What is required: Pictures are to be left out. Return exactly the lines below from the one with "Sweet Wheat Chewing" up to and including the one with "The skirt can".

Data listing:
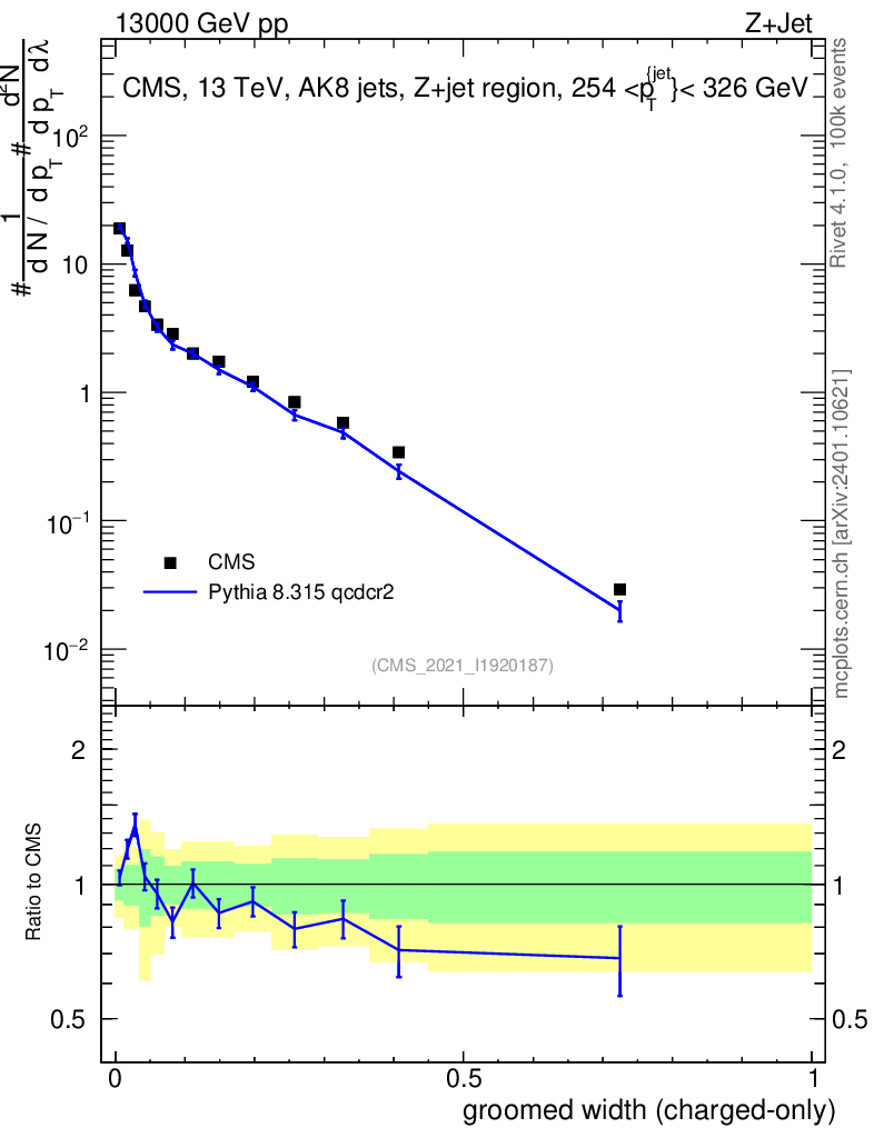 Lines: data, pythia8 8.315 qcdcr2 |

...

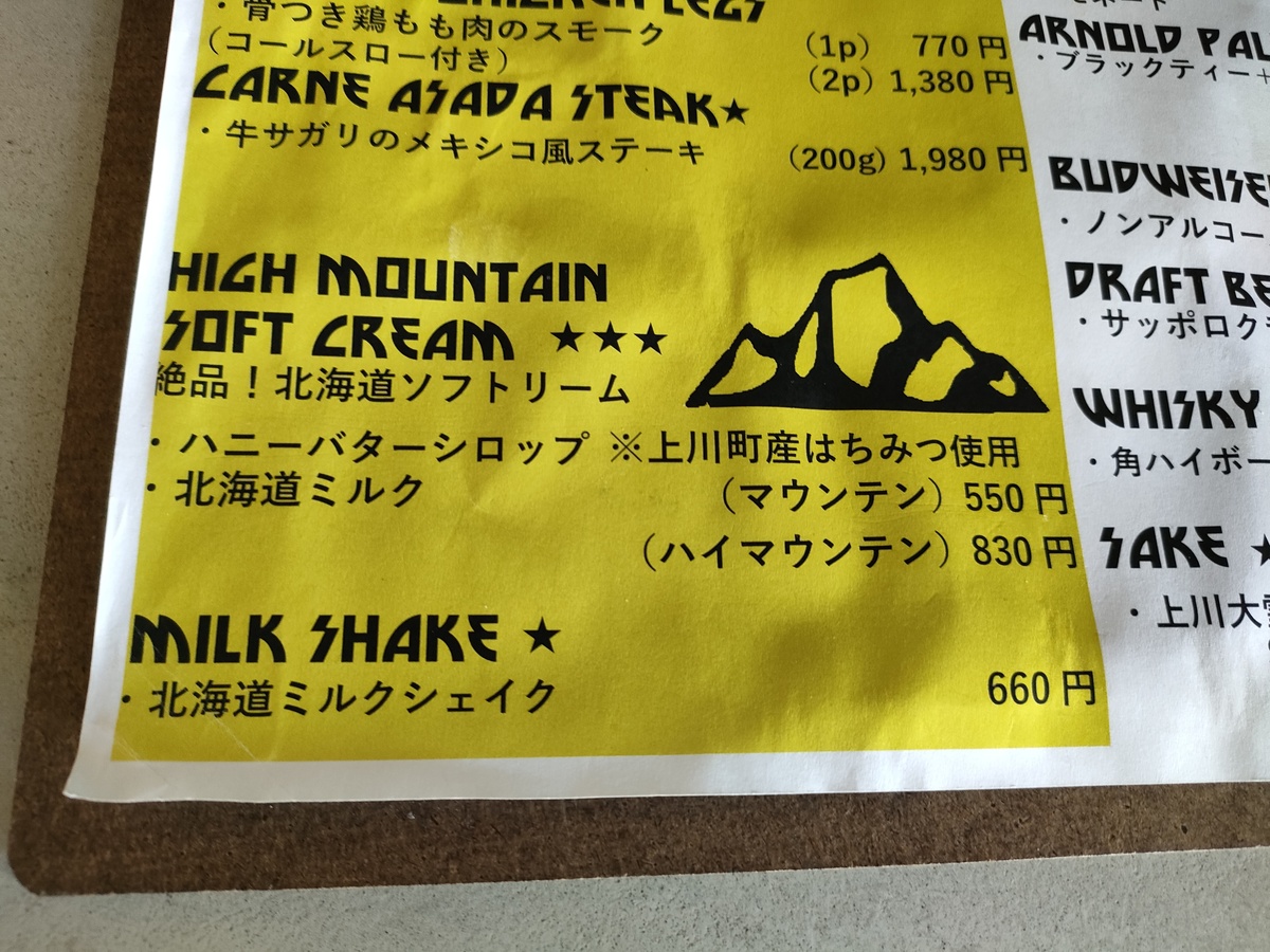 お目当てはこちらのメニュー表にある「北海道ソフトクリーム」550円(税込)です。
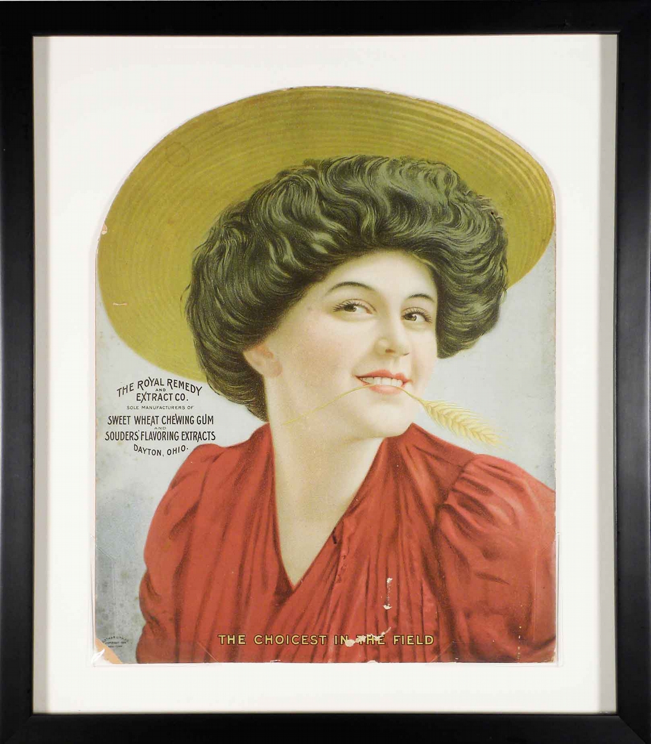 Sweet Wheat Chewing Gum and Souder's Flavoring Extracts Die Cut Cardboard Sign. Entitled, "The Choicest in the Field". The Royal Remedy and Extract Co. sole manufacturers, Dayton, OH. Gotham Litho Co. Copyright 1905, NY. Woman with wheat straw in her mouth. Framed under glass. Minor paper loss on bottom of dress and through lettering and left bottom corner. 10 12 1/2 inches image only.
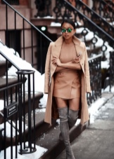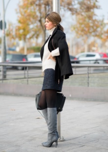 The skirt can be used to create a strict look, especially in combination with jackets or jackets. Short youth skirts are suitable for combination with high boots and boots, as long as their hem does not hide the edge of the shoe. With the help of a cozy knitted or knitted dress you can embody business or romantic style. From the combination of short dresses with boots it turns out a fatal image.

* * *

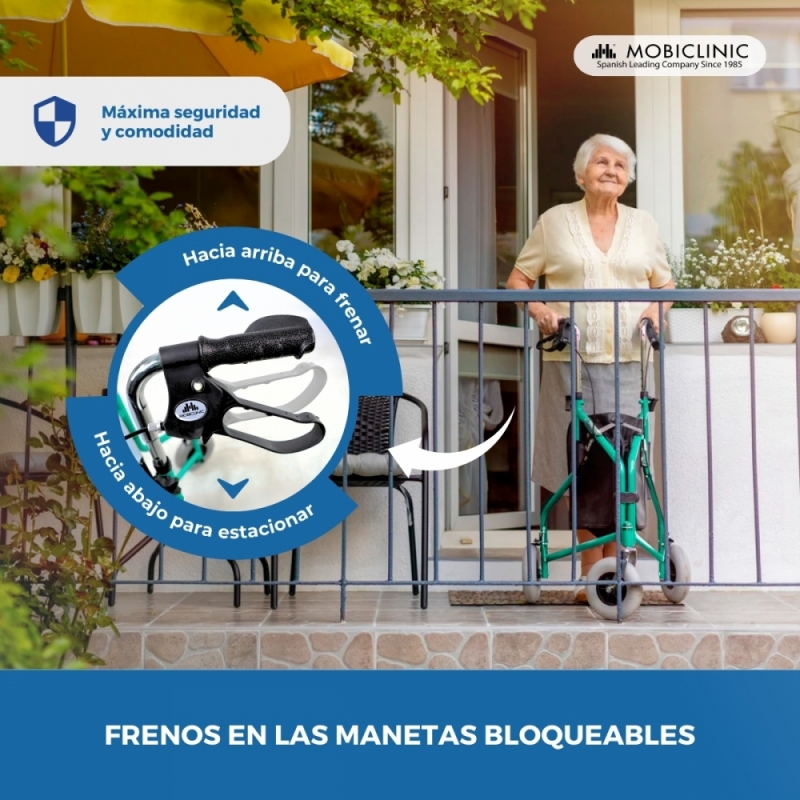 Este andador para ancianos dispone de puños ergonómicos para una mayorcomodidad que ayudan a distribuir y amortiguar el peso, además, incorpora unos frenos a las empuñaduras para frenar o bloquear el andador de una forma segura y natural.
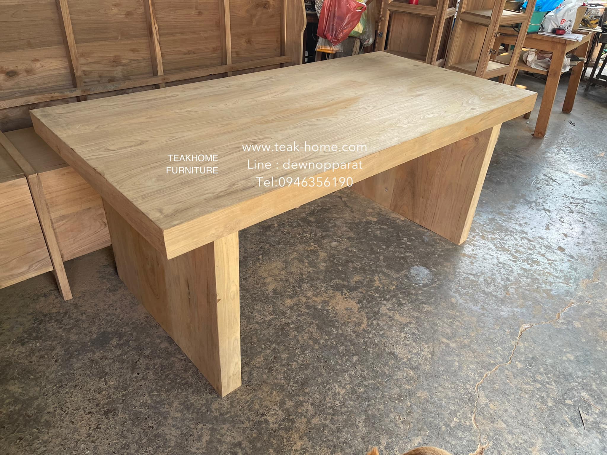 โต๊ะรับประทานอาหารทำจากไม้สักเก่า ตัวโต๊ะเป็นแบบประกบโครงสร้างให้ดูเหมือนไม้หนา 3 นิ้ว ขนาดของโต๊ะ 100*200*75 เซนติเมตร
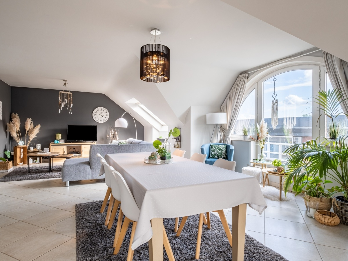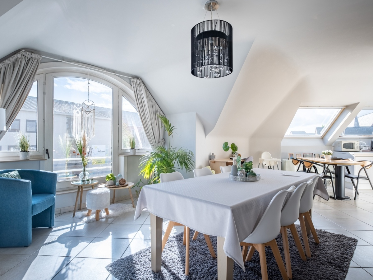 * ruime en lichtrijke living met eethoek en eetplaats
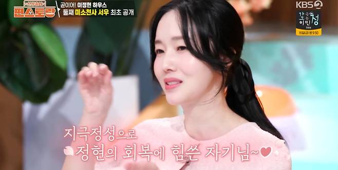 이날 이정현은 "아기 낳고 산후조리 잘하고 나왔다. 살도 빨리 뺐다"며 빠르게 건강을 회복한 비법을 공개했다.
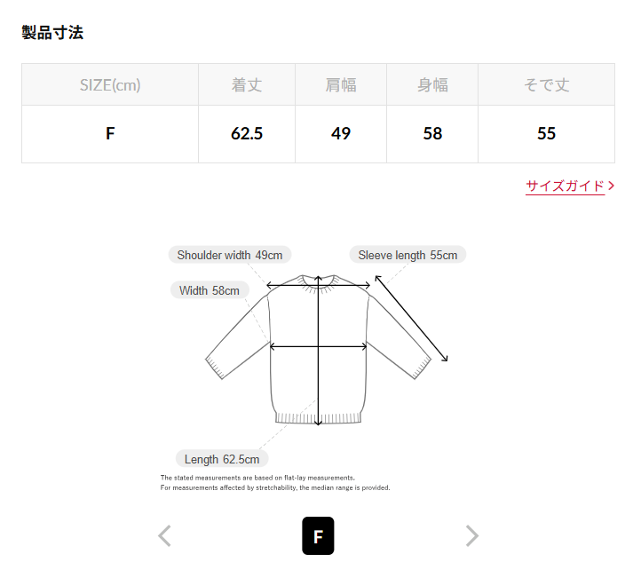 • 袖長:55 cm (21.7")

Finished exercise:
 Sweet Wheat Chewing Gum and Souder's Flavoring Extracts Die Cut Cardboard Sign. Entitled, "The Choicest in the Field". The Royal Remedy and Extract Co. sole manufacturers, Dayton, OH. Gotham Litho Co. Copyright 1905, NY. Woman with wheat straw in her mouth. Framed under glass. Minor paper loss on bottom of dress and through lettering and left bottom corner. 10 12 1/2 inches image only.
 The skirt can be used to create a strict look, especially in combination with jackets or jackets. Short youth skirts are suitable for combination with high boots and boots, as long as their hem does not hide the edge of the shoe. With the help of a cozy knitted or knitted dress you can embody business or romantic style. From the combination of short dresses with boots it turns out a fatal image.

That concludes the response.